RESEARCH SUPPORT, NON-U.S. GOV'T
The SIRS criteria have better performance for predicting infection than qSOFA scores in the emergency department.
Systemic inflammatory response syndrome (SIRS) reportedly has a low performance for distinguishing infection from non-infection. We explored the distribution of the patients diagnosed by SIRS (SIRS patients) or a quick sequential organ failure assessment (qSOFA) (qSOFA patients) and confirmed the performance of the both for predicting ultimate infection after hospital admission.
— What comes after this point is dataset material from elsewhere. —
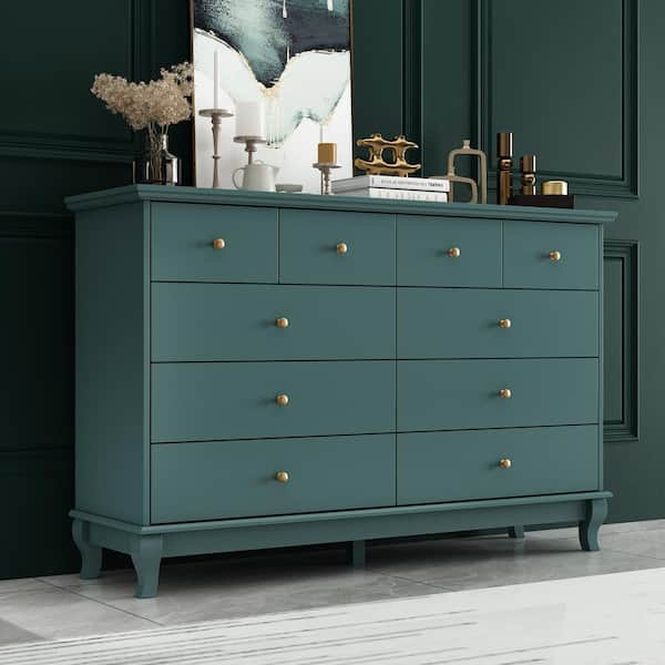 Blue 10-Drawers 55.1 in. W Wood Chest of Drawer Cupboard Sideboard with Paint Finish, 35.4 in. H x 15.7 in. D

We retrospectively analyzed the data from a multicenter prospective study. When emergency physicians suspected infection, SIRS or the qSOFA were applied. The area under the receiver operating characteristic curves (AUC) was used to assess the performance of the SIRS and qSOFA for predicting established infection. A total of 1,045 patients were eligible for this study. The SIRS patients accounted for 91.6% of qSOFA patients and they showed a higher rate of final infection than that of non-SIRS patients irrespective of the qSOFA diagnosis. The AUCs for predicting infection with SIRS and a qSOFA were 0.647 and 0.582, respectively. The SIRS significantly predicted an ultimate infection (AUC, 0.675; p = 0.018) in patients who met the SIRS and qSOFA simultaneously. In conclusion, the SIRS patients included almost all qSOFA patients. SIRS showed a better performance for predicting infection for qSOFA in those who met both definitions.